Theodora still in bedroom slippers, we were slamming into Jack's car on the dark, silent street just out of the pool of swaying light from the overhead street lamp, our foolish armfuls of clothes tossed into the back seat. The starter ground, the motor caught, then Jack squealled rubber, pulling away from the curb, and we weren't thinking at all, just running, running, running, till we were on US. 101, and Santa Mira eleven miles behind us.

Then, moving along over the almost deserted highway, I began to feel a return of some sort of ordered thinking, or at least the illusion of it. Successful rapid flight, the piling up of distance, becomes in itself a calming thing, an antidote for fear, and I turned to Becky in the back seat beside me, smiling, my mouth opening to speak. Then I saw she was asleep, her face pale and drained in the light from a passing car, and the fright roared up in me again, worse than ever, bursting in my brain in a silent explosion of pure panic.

I was shaking Jack's shoulder, shouting at him to stop, then we were bouncing off the dark road onto the narrow dirt-and-gravel shoulder. Jack's hand brake rasped, then, leaning far across Theodora, he brought his fist down on the glove-compartment button, it flew open, he fumbled inside it, then scrambled out of the car, his face wild and questioning. I was leaning past him, yanking his keys from the dashboard, then we were running toward the back of the car. But Jack ran on, down the narrow dirt shoulder, and I had my mouth open to yell at him, when he dropped to one knee, and I knew what he was doing.

Jack once had the back of his car smashed in while he was changing a tyre, and now it's second nature with him, when he stops off the road, to set out a flare. It sputtered in his hand, now, then flared into smoky pinkred flame, and as Jack raised it high to jam the spike into the ground, I shoved a key into the lock of his trunk, twisting it frantically.

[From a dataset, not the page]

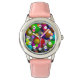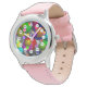 Bulles (Mayan Face) Montre de bracelet en cuir rose acier inoxydable pour enfant. Image Copyright (C) Kenneth Kenji Yoncich. Tous droits réservés.
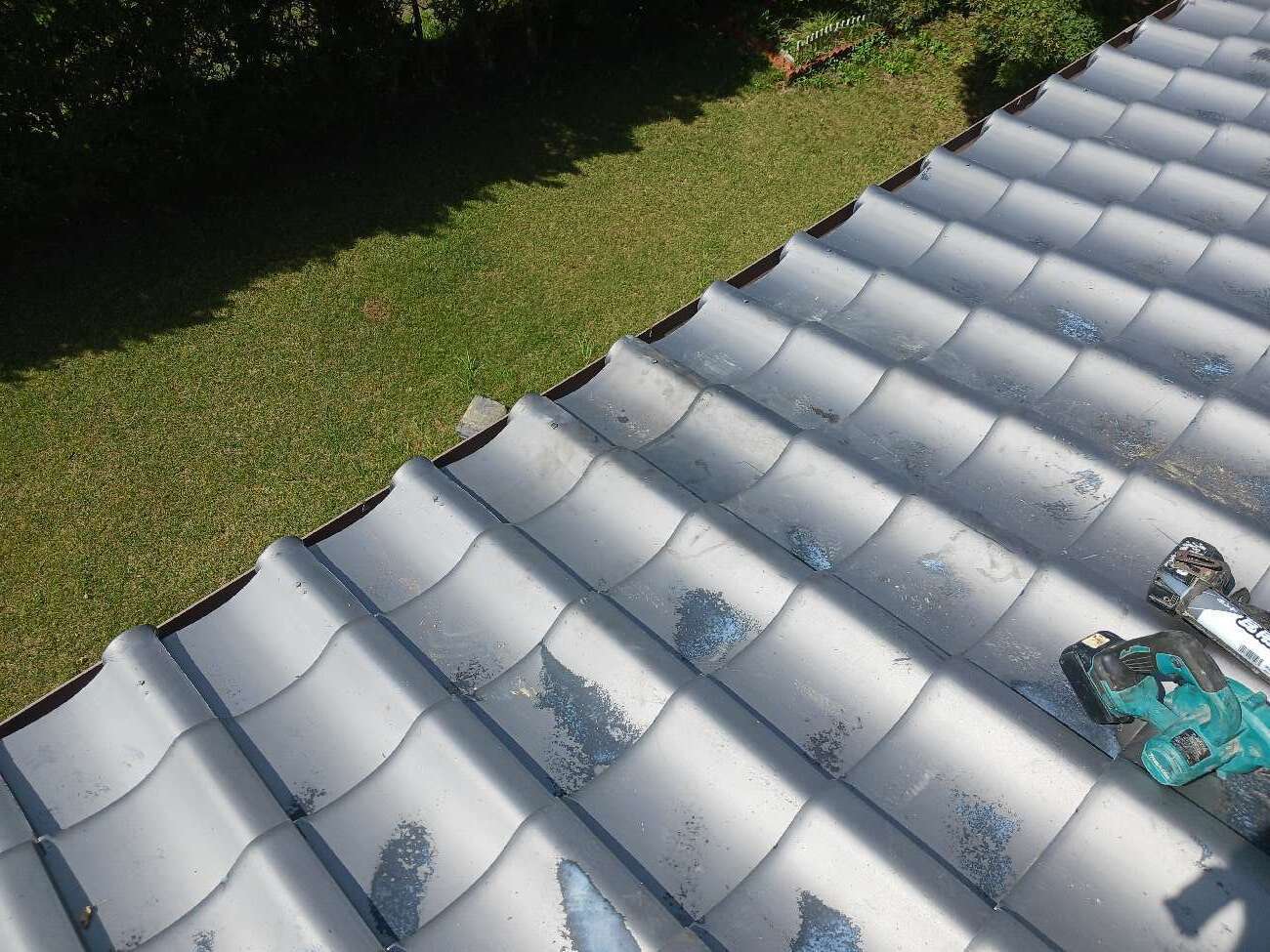 ⑥割れていた瓦を差し替えて、軒先瓦をビスで固定しました。

Then Jack had the keys, yanking them from the lock. He found the right one, inserted it, turned, then heaved up the lid of the trunk. And there they lay, in the advancing, retreating waves of flickering red light: two enormous pods already burst open in one or two places, and I reached in with both hands, and tumbled them out onto the dirt. They were as weightless as children's balloons, harsh and dry on my palms and fingers. At the feel of them on my skin, I lost my mind completely, and then I was trampling them, smashing and crushing them under my plunging feet and legs, not even knowing that I was uttering a sort of hoarse, meaningless cry - "Unhh! Unhh! Unhh!" - of fright, animal disgust, and rage. The wind had the flare, twisting the flame till it sputtered and choked, and on the high cutaway embankment beside me, I saw a giant shadow - mine - squirming and dancing in a wild, flickering, insane caper, the whole nightmare scene bathed in a mad light the colour of froth from a wound, and I think I came close to losing my mind.

Jack was yanking hard on my arm, dragging me away, and we turned to the trunk again. Jack pulled out the red-painted, spare can of gasoline he carried. He got the top off, and there at the side of the road, in the pink washes of smoky light, he drenched those two great weightless masses, and they dissolved into a mushy pulp of nothingness. Then I had the flare, wrenching it from the ground, and, running back, I hurled it into the soupy mass lying there in the dirt and gravel.

Pulling away fast, the car bumping onto the road again, I looked back, and the flames suddenly shot high, five or six feet; orange flames in a pink wash of light, the thick, greasy smoke twisting and rolling away in the heat waves. Watching, as Jack shifted into second, and then into high, I saw the flames drop quickly and subside into a score of inch-high, blue-and-red flickering tongues, the smoke blood-pink once again. Suddenly they went out, or were lost to view over a small rise of ground, I never knew which.